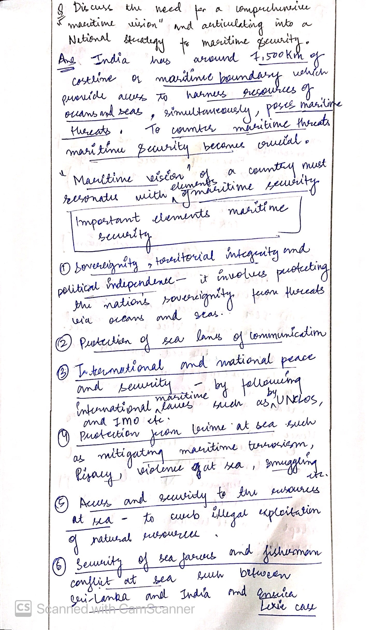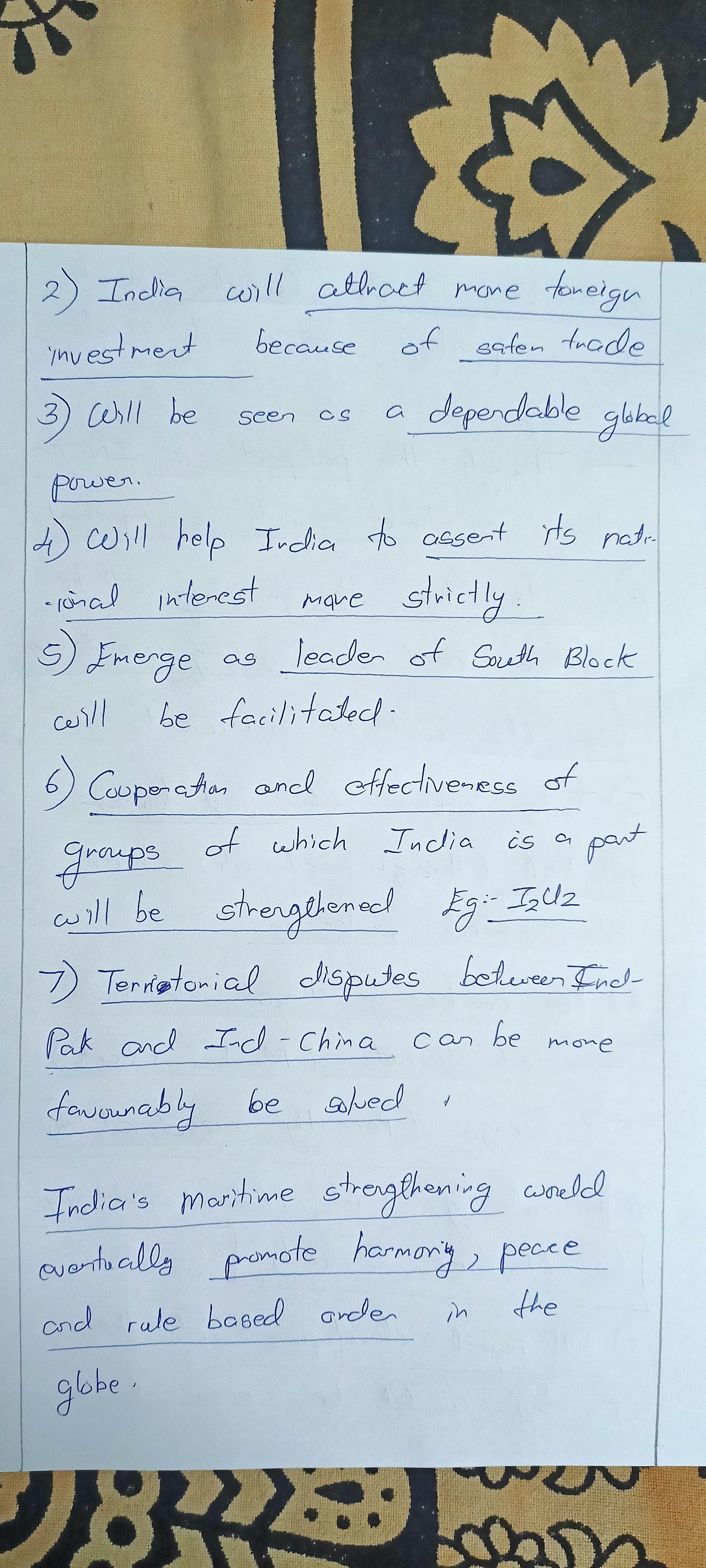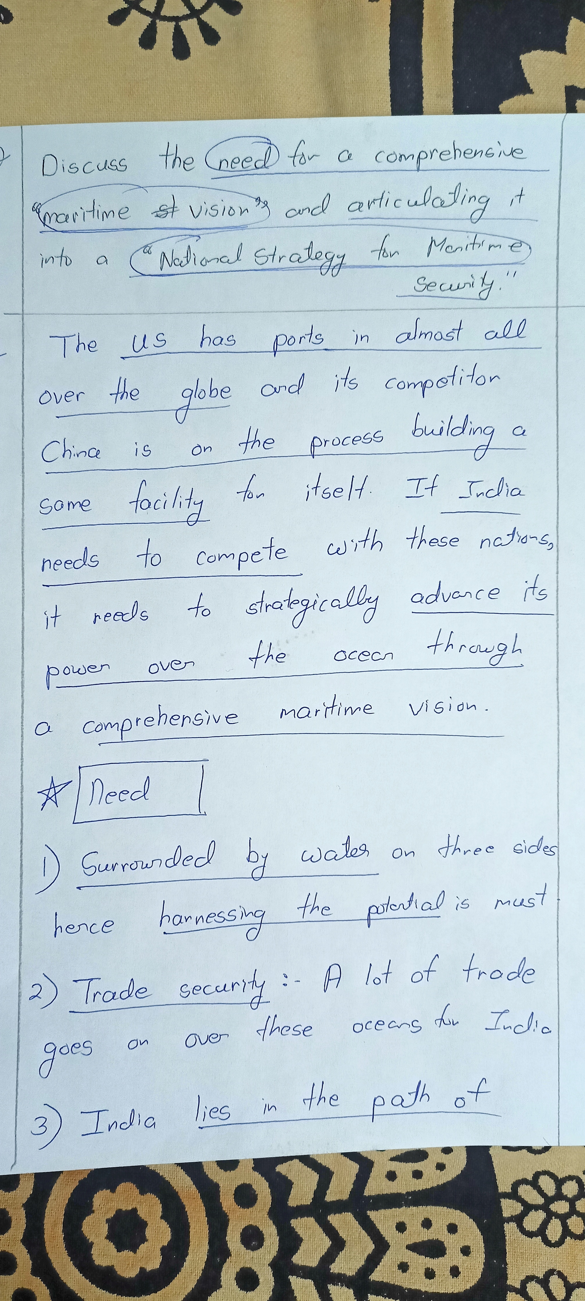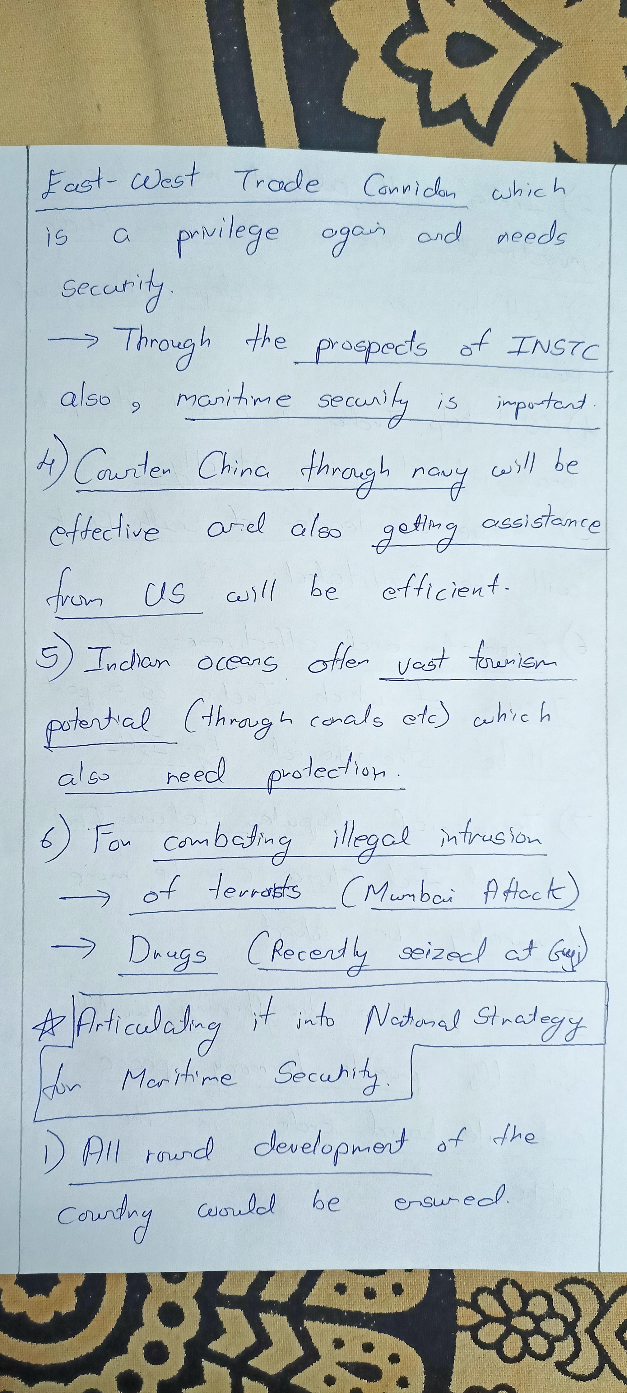 Great answer! You can draw a rough map showing Indian Ocean and show critical choke points. Highlight India’s centrality in Indian Ocean.
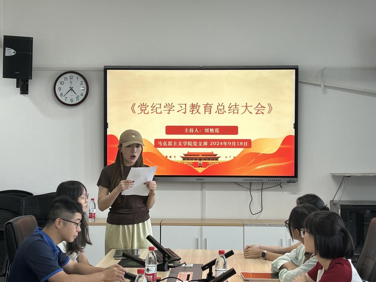 此外,会议还对学生党支部党纪学习教育活动进行了复盘总结。刘艳霓书记和曾欢书记对本次党纪学习教育活动的组织实施、学习成效及亮点特色进行了全面梳理和点评,并对未来的党纪学习教育工作提出了展望和建议。刘艳霓书记指出,自党纪学习教育开展以来,我院深入学习贯彻习近平总书记关于党纪学习教育的重要讲话重要指示精神,把开展党纪学习教育作为首要政治任务,坚持融入日常、抓在经常,高质高效、扎扎实实地完成了党纪学习教育全部重点任务,推动学院党纪学习教育走深走实、见行见效,学生党员们的纪律意识和党性修养得到了显著提升。
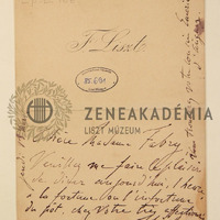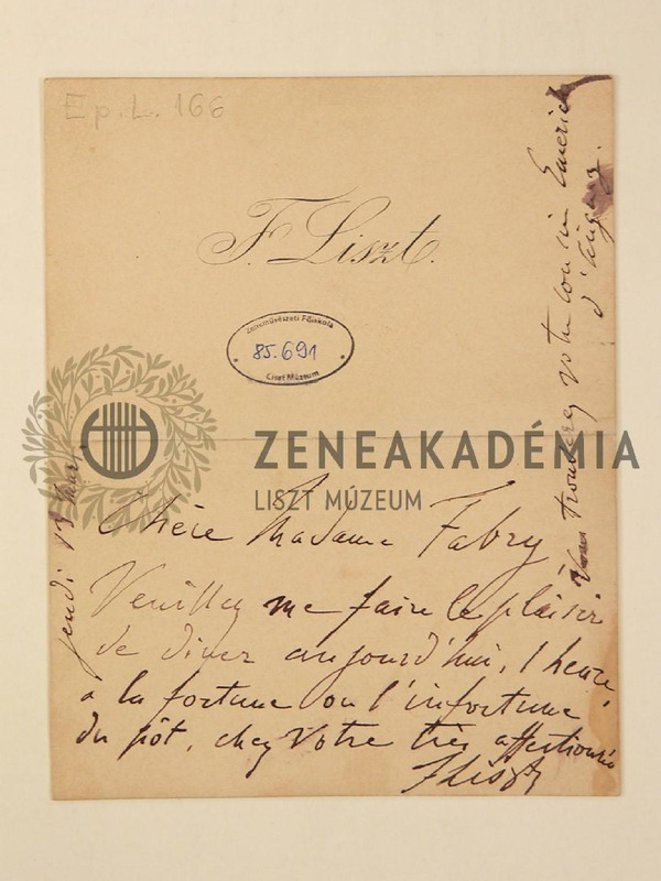 Liszt Ferenc névjegye Fábry Amáliához írt sorokkal.

+ + + +

■ What to work on: Repeat the material above precisely as it appears, omitting the images it contains.

■ Result for this exercise:
 Great answer! You can draw a rough map showing Indian Ocean and show critical choke points. Highlight India’s centrality in Indian Ocean.
 此外,会议还对学生党支部党纪学习教育活动进行了复盘总结。刘艳霓书记和曾欢书记对本次党纪学习教育活动的组织实施、学习成效及亮点特色进行了全面梳理和点评,并对未来的党纪学习教育工作提出了展望和建议。刘艳霓书记指出,自党纪学习教育开展以来,我院深入学习贯彻习近平总书记关于党纪学习教育的重要讲话重要指示精神,把开展党纪学习教育作为首要政治任务,坚持融入日常、抓在经常,高质高效、扎扎实实地完成了党纪学习教育全部重点任务,推动学院党纪学习教育走深走实、见行见效,学生党员们的纪律意识和党性修养得到了显著提升。
 Liszt Ferenc névjegye Fábry Amáliához írt sorokkal.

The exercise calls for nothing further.